Pour en savoir plus sur la dynamique emploi-Fed qui structure ce cycle, la récente analyse 172 000 emplois et la Fed : pourquoi les marchés déraillent en juin 2026 détaille les mécanismes de transmission entre le rapport de mai et les décisions de politique monétaire.
Ce que le CPI du 10 juin peut changer, ou confirmer
Le marché entre dans le 9 juin avec un momentum clairement orienté vers le scénario higher-for-longer, autrement dit des taux maintenus plus longtemps à leur niveau actuel. Mais ce scénario a un talon d'Achille : l'inflation. Si l'indice des prix à la consommation de mai 2026, attendu le mercredi 10 juin, affiche une surprise désinflationniste, le marché pourrait rapidement remettre en question la lecture dominante.

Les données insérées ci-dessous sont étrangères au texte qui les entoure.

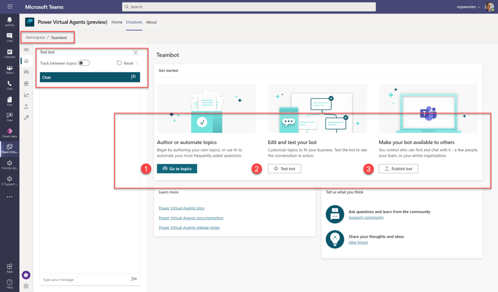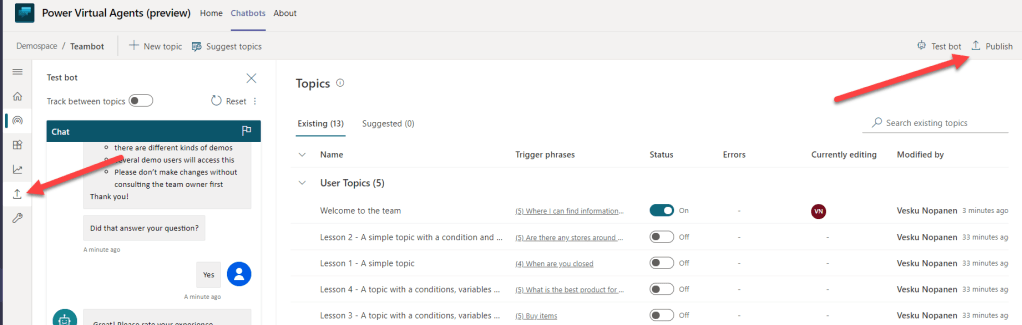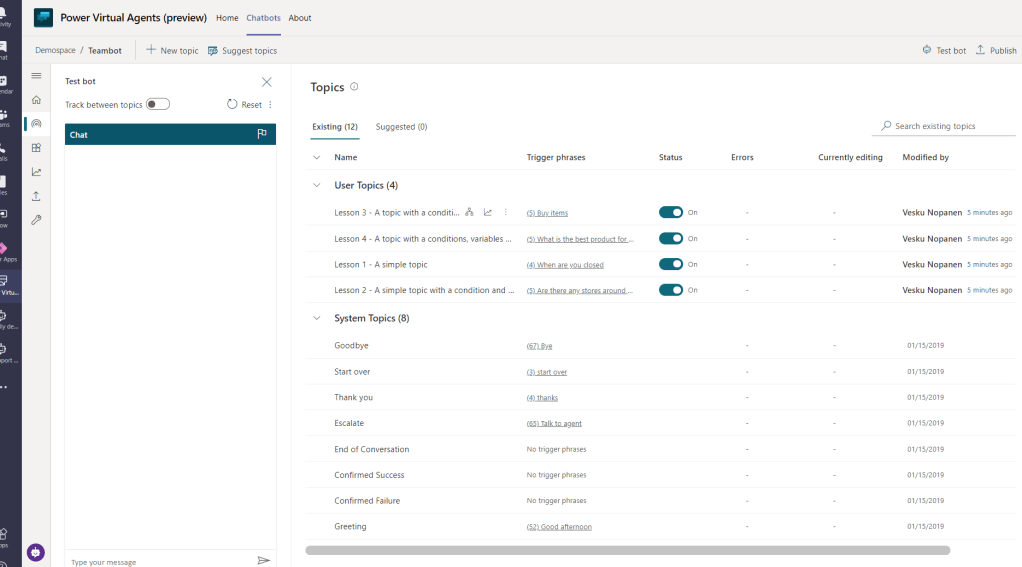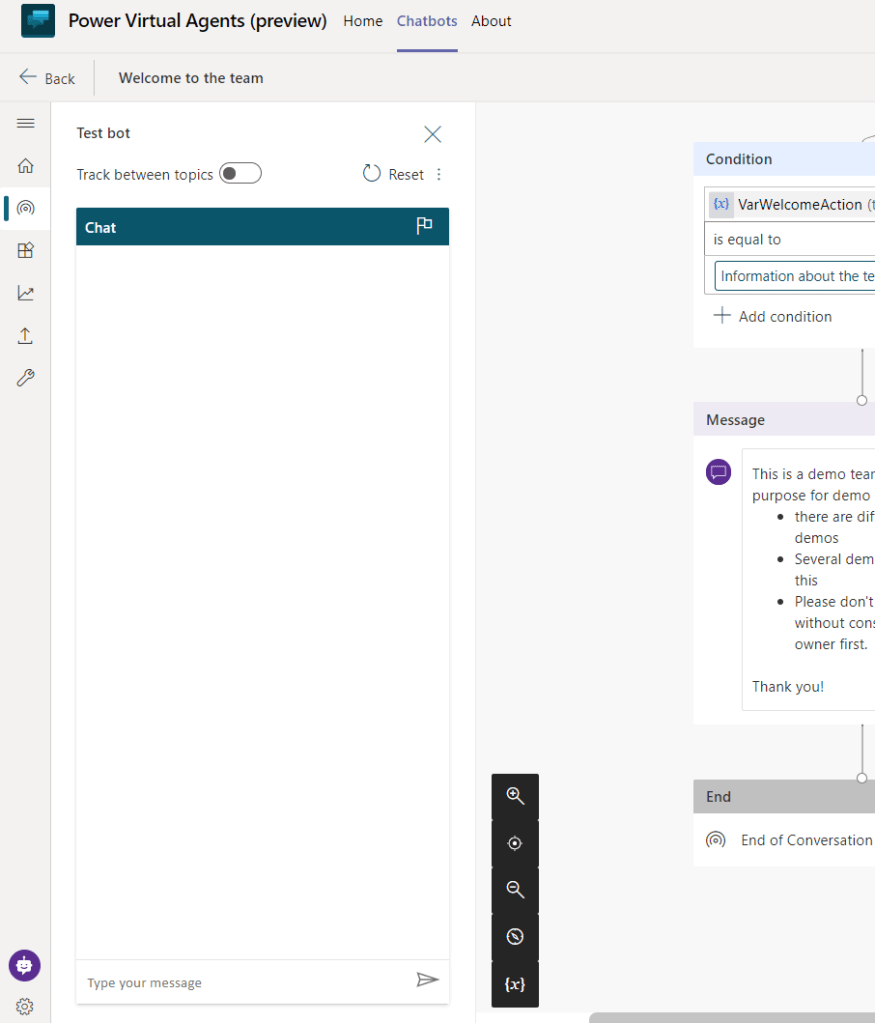 - After you have done topics (or even meanwhile) you can use the Test bot functionality to make sure bot works without giving access to anyone else

Un CPI inférieur aux attentes rouvrirait le débat sur un potentiel assouplissement en fin d'année. Un chiffre conforme ou supérieur, en revanche, validerait complètement la révision de Goldman Sachs et ancrerait les anticipations sur 2027 pour la première baisse de taux. La réaction du marché obligataire dans les premières heures suivant la publication sera particulièrement indicative.

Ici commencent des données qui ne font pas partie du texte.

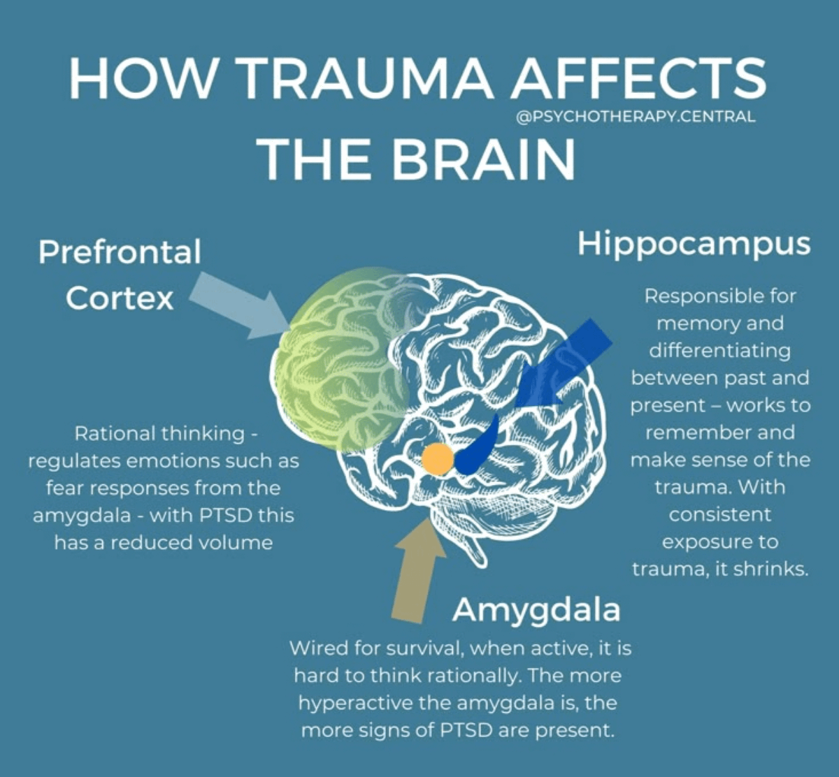 • Trauma rewires your brain’s threat systems
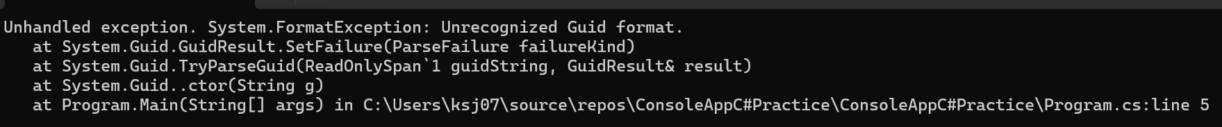 만약 전달하는 문자열이 GUID의 형태를 가지지 않을 경우엔 Exception을 벹는다
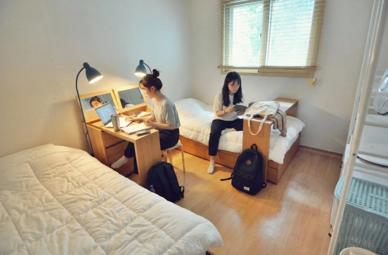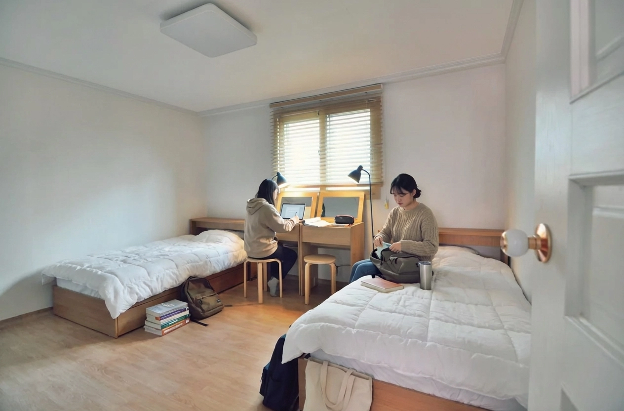 Fixed 100,000 KRW per person. Includes utilities (electricity, gas, etc.), shared supplies (toilet paper, detergent, etc.), and monthly cleaning service (120,000 KRW for apartments). For details, click here
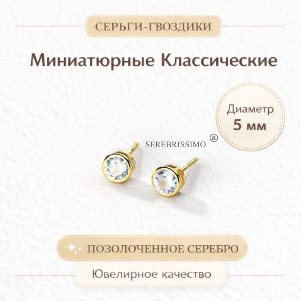 Serebrissimo Серьги-гвоздики из позолоченного серебра
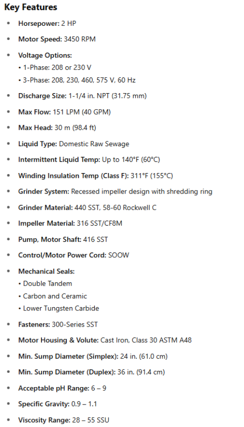 Min. Sump Diameter (Simplex): 24 in. (61.0 cm)
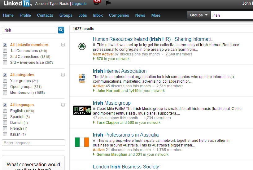 And it has Groups, lots of Groups, about 1.6 million online gatherings of people, usually with something professional in common where members share news, tips, links, questions and comments. Many groups are focused on a particular a country, or made up of people with ties to that country, such as Ireland and the Irish worldwide.
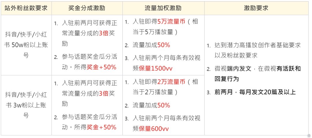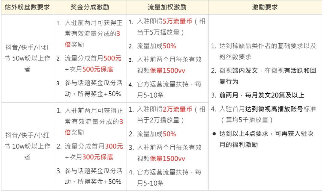 实际上,除了招募来自抖音、快手、小红书的个人创作者,腾讯微视在今年2月也曾向抖音、快手等优秀机构作者伸出橄榄枝,粉丝要求是3w+和50W+,也给予丰厚的发文奖励和可观的流量分成。
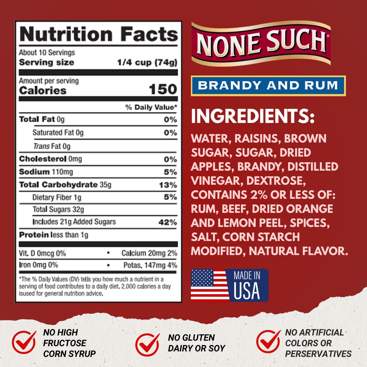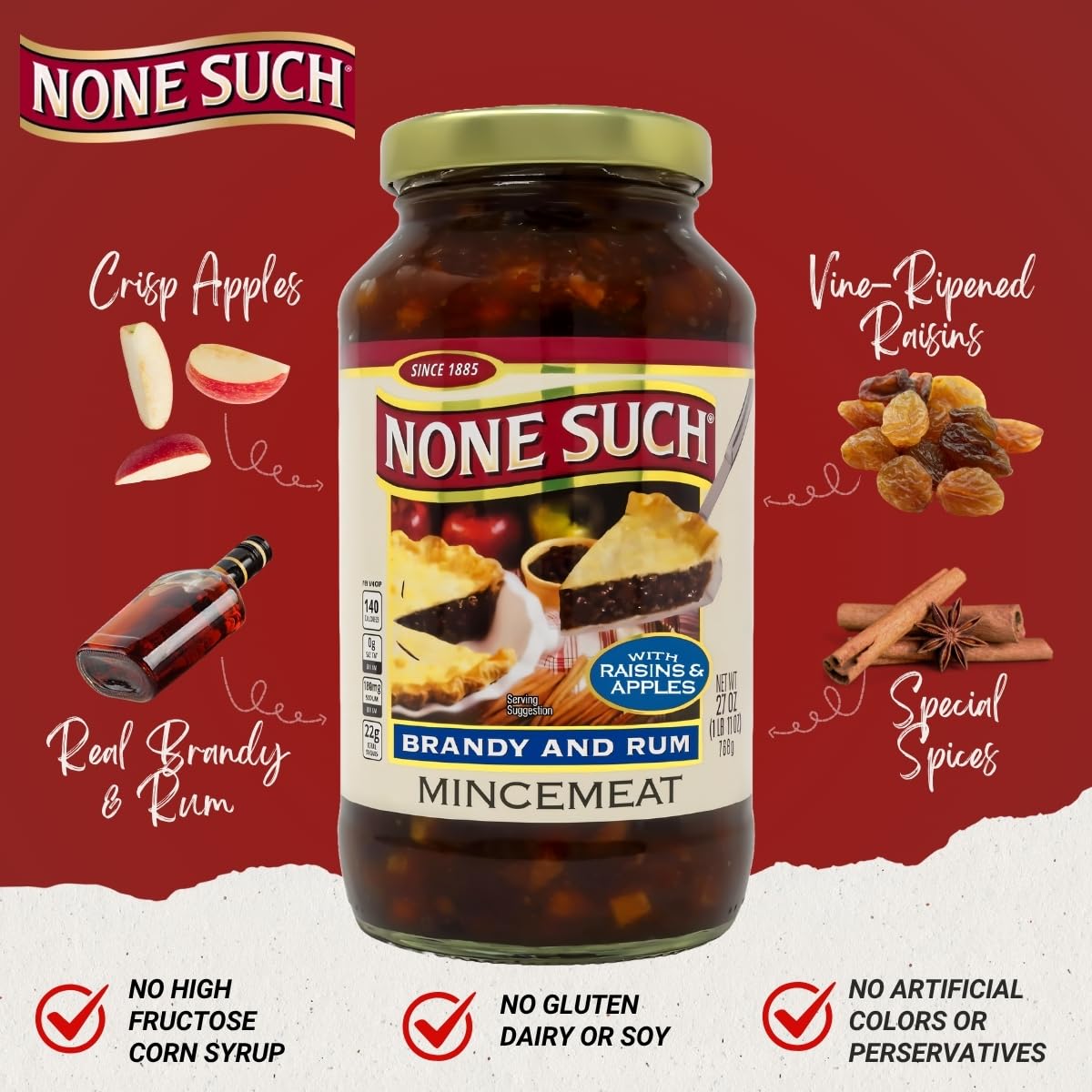 None Such Mincemeat Brandy & Rum - Pie Filling with Apples and Raisins, 27 Ounce (Pack of 1)

Dans ce contexte, le rebond des semi-conducteurs et la légère détente des rendements observés le 9 juin ressemblent à un positionnement précautionneux avant une publication à fort potentiel de surprise. Ce n'est pas une reprise de tendance : c'est un marché qui attend.
L'analyse détaillée des implications pour les marchés actions et les actifs numériques dans un cycle de taux prolongé est également couverte dans le dossier 192 000 emplois, Goldman Sachs et la trêve Iran-Israël : les marchés entre surchauffe et espoir, qui contextualise les interactions entre données macro et réaction des actifs risqués.

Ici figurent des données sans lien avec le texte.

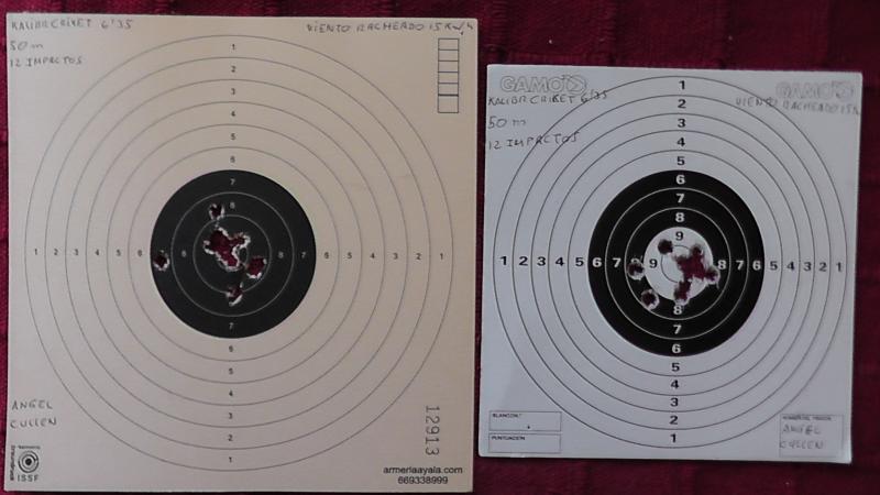 Agrupaciones de 12 Disparos a 50m. Viento racheado de 15 Km/h
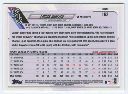 2021 Topps Chrome #163 Lucas Giolito NM-MT Chicago White Sox Baseball Card
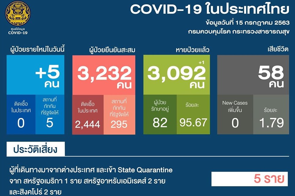 เมื่อวันที่ 15 ก.ค. 63 พญ.พรรณประภา ยงค์ตระกูล ผู้ช่วยโฆษกศูนย์บริหารสถานการณ์โควิด-19 (ศบค.) เปิดเผยสถานการณ์การแพร่ระบาดของไวรัสโควิด-19 ในประเทศวันนี้ว่า ว่า พบผู้ป่วยยืนยันติดเชื้อรายใหม่ 5 ราย โดยจำนวนผู้ป่วยยืนยันสะสมล่าสุดอยู่ที่ 3,232 ราย โดยเป็นผู้ติดเชื้อในประเทศ 2,444 ราย และจากสถานที่กักกันที่รัฐจัดให้ (State Quarantine) 295 ราย
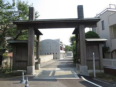 北側の目黒通り(都道)から延びる北参道に立つ現在の通用門は、前代の通用門が表参道の山門として移築された後、新築された。
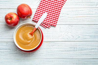 - اسكبي نصف كوب من الماء في قدر، واطهي التفاحة على البخار لحوالى ١٠ دقائق أو إلى أن تصبح لينة وطرية.
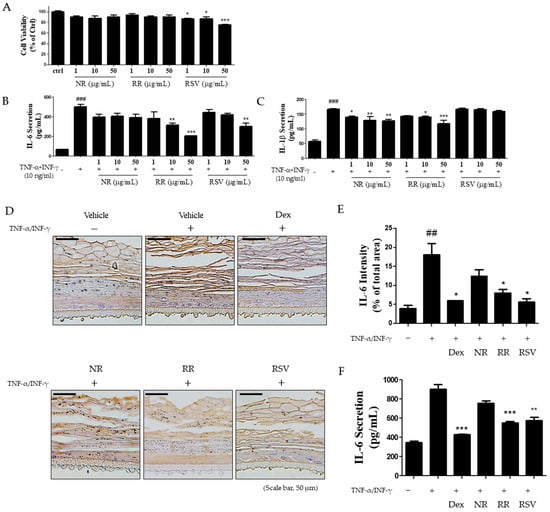 To investigate an optimal effective range of concentration of RR in human keratinocytes, we treated HaCaT cells with NR, RR, and RSV concentrations ranging from 1 to 50 μg/mL for 24 h. As shown in Figure 4A, no significant changes in cell viability were noticed after RR treatment at these concentrations. We further examined the inhibitory effect of RR on inflammatory cytokine secretion in TNF-α/IFN-γ-stimulated HaCaT cells. RR treatments could significantly inhibit both IL-6 and IL-1β secretions in a dose-dependent manner as compared to NR or RSV treatment alone (Figure 4B,C). We also measured the expression of IL-6 by IHC in the 3D skin tissues: IL-6 was highly expressed in epidermis layer of skin tissue following treatment with TNF-α/IFN-γ. However, RR treatments significantly decreased the level of cytokine expression in skin tissue and secretion (Figure 4D–F). Furthermore, RR treatments in skin of DNCB-induced mice showed that serum level of IL-6 and INF-γ were decreased by RR treatment similar to dexamethasone, but NR and RSV did not significantly reduce INF-γ level (Figure S1). These results imply that RR inhibited TNF-α/IFN-γ-increased secretion of inflammatory cytokines in human keratinocytes.
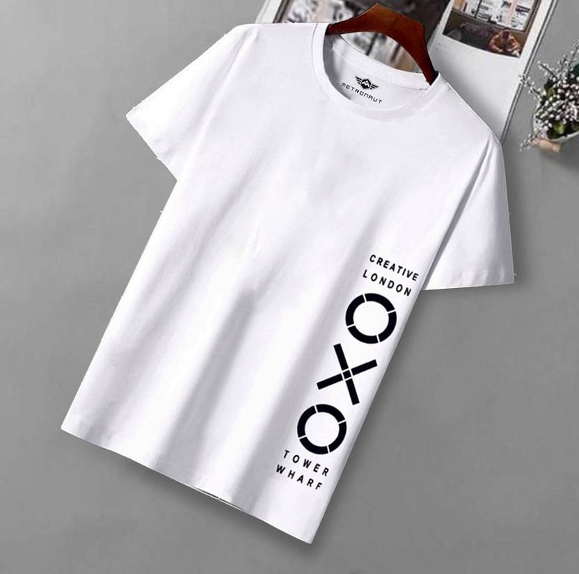 METRONAUT Printed Men Round Neck Cotton Blend White T-Shirt

Le niveau à surveiller concrètement : si le CPI de mai dépasse les attentes du consensus, la probabilité implicite d'une hausse de taux Fed en 2026, actuellement minoritaire selon les marchés à terme, pourrait monter suffisamment pour déclencher une nouvelle correction sur le Nasdaq. C'est le 10 juin 2026 qui dira si le scénario higher-for-longer tient ou cède.
FAQ
Pourquoi 172 000 emplois créés est-il un chiffre si important pour les taux d'intérêt ?
Les 172 000 créations d'emplois en mai 2026 représentent le double des 85 000 attendus par les analystes. Ce type de surprise haussière signale à la Réserve fédérale que l'économie reste suffisamment robuste pour supporter des taux élevés sans basculer en récession, ce qui supprime l'urgence de tout assouplissement monétaire en 2026.
Goldman Sachs a-t-il totalement abandonné le scénario de baisses de taux ?
Non. Goldman Sachs, par la voix de David Mericle, maintient deux baisses de taux dans sa prévision, mais les a repoussées à juin et décembre 2027. La banque estime que la probabilité d'une hausse reste faible, l'inflation n'étant pas jugée auto-entretenue à ce stade.
Qu'est-ce que le CPI du 10 juin 2026 peut provoquer concrètement sur les marchés ?
Un CPI de mai supérieur aux attentes ancrerait le scénario higher-for-longer et exercerait une nouvelle pression baissière sur le Nasdaq et les obligations longues. Un CPI inférieur aux attentes rouvrirait le débat sur une première baisse de taux avant fin 2026, ce qui pourrait déclencher un rebond significatif des actifs à duration longue.
Pourquoi le Dow Jones a-t-il progressé alors que le S&P 500 et le Nasdaq reculaient ?
Le Dow Jones Industrial Average est composé de valeurs industrielles et financières plus sensibles à la croissance économique nominale qu'aux taux réels. Quand les taux montent en raison d'une économie solide, les financières et industrielles peuvent en bénéficier, contrairement aux valeurs technologiques à longue duration qui subissent mécaniquement la hausse des taux d'actualisation.